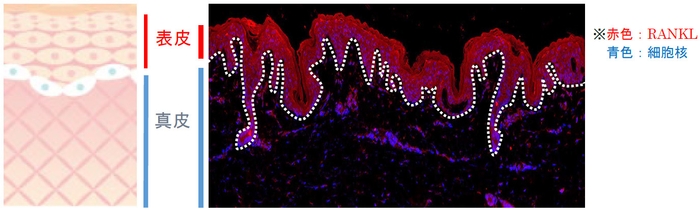 免疫と骨の健康に関わるタンパク質RANKLは皮膚の表皮に多く存在し、皮膚バリア機能及び保湿機能にも重要な因子であることが明らかになりました。
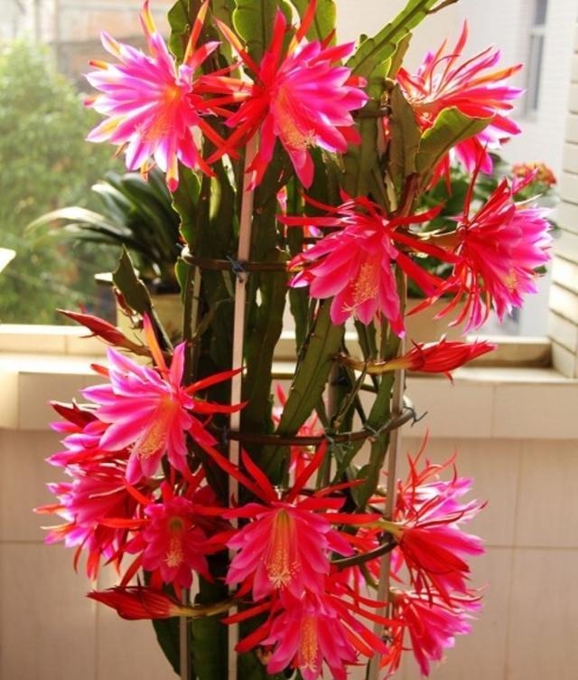 形态特征:常呈灌木状,株高可达 2 米。茎直立,多分枝,高约 50-100 厘米。基部主干细圆,分枝扁平呈令箭状,绿色,边缘呈钝齿形,齿凹入部分有刺座,具 0.3-0.5 厘米长的细刺。花从茎节两侧的刺座中开出,花筒细长,呈喇叭状,花大,白天开花,夜晚闭合,一朵花仅开 1-2 天,花色有紫红、大红、粉红、洋红、黄、白、蓝紫等,花期为 4-6 月。
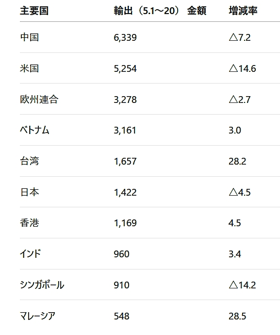 ⇒参照・引用元:『韓国 関税庁』公式サイト「’25年05月01日~05月20日の輸出入状況」
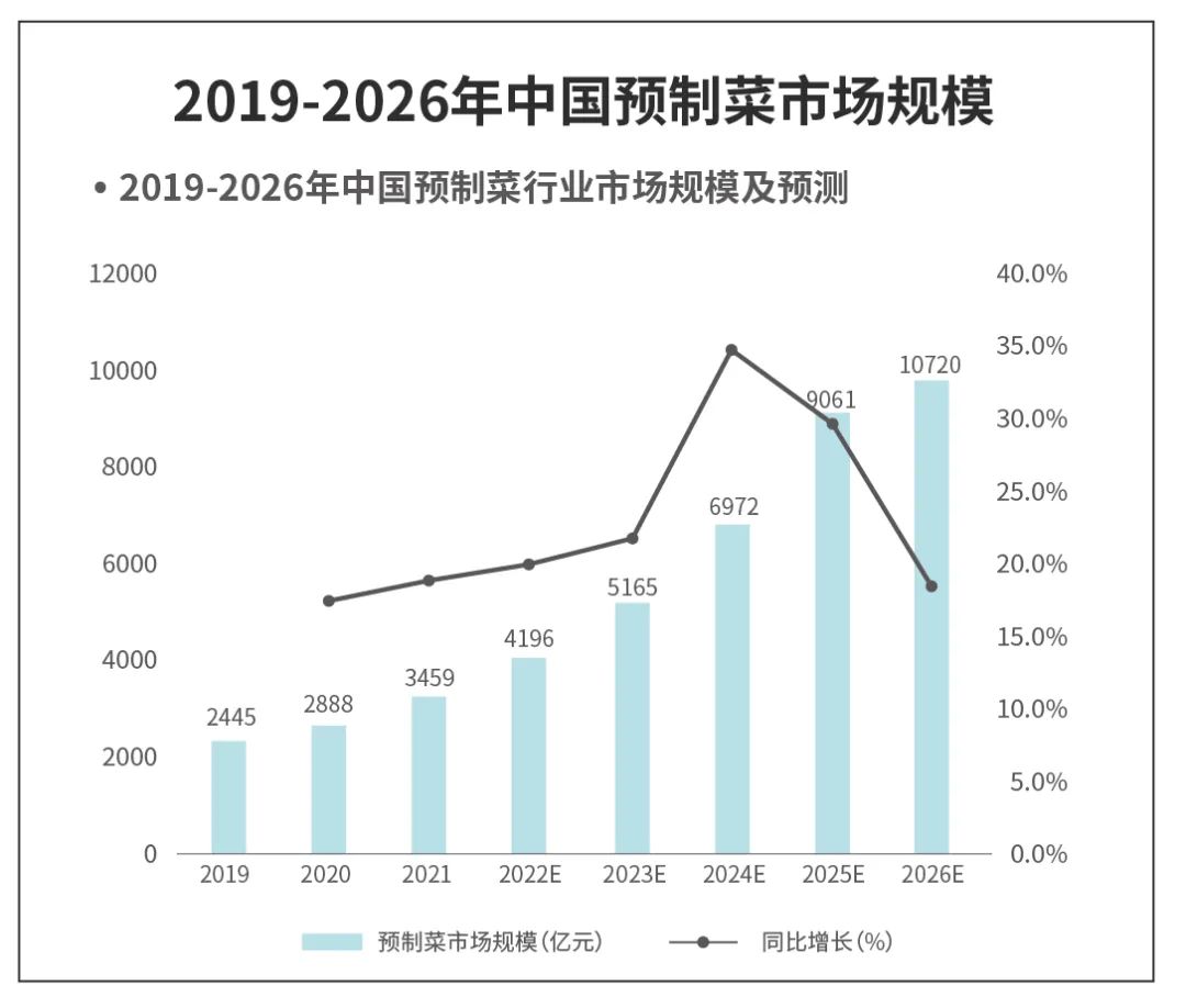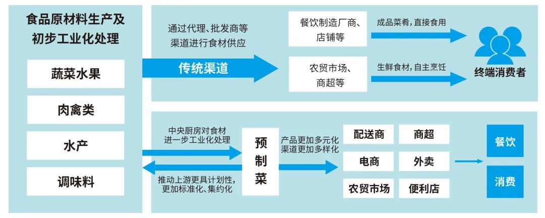 但在標準化的食品生產中,人的因素被盡可能地抹去,生意的可規模性、可集中度和需求穩定性更高。隨著技術和需求的升級,餐飲和食品相向而行,預制菜應運而生。作為餐飲和食品融合發展的產物,預制菜在保證口味條件下,最大程度提高工業化和擴張性,在某種程度上實現效率最優。

## YOUR GOAL
Copy out every line above, word for word, minus images.

## SOLUTION FOR THIS PROBLEM
 免疫と骨の健康に関わるタンパク質RANKLは皮膚の表皮に多く存在し、皮膚バリア機能及び保湿機能にも重要な因子であることが明らかになりました。
 形态特征:常呈灌木状,株高可达 2 米。茎直立,多分枝,高约 50-100 厘米。基部主干细圆,分枝扁平呈令箭状,绿色,边缘呈钝齿形,齿凹入部分有刺座,具 0.3-0.5 厘米长的细刺。花从茎节两侧的刺座中开出,花筒细长,呈喇叭状,花大,白天开花,夜晚闭合,一朵花仅开 1-2 天,花色有紫红、大红、粉红、洋红、黄、白、蓝紫等,花期为 4-6 月。
 ⇒参照・引用元:『韓国 関税庁』公式サイト「’25年05月01日~05月20日の輸出入状況」
 但在標準化的食品生產中,人的因素被盡可能地抹去,生意的可規模性、可集中度和需求穩定性更高。隨著技術和需求的升級,餐飲和食品相向而行,預制菜應運而生。作為餐飲和食品融合發展的產物,預制菜在保證口味條件下,最大程度提高工業化和擴張性,在某種程度上實現效率最優。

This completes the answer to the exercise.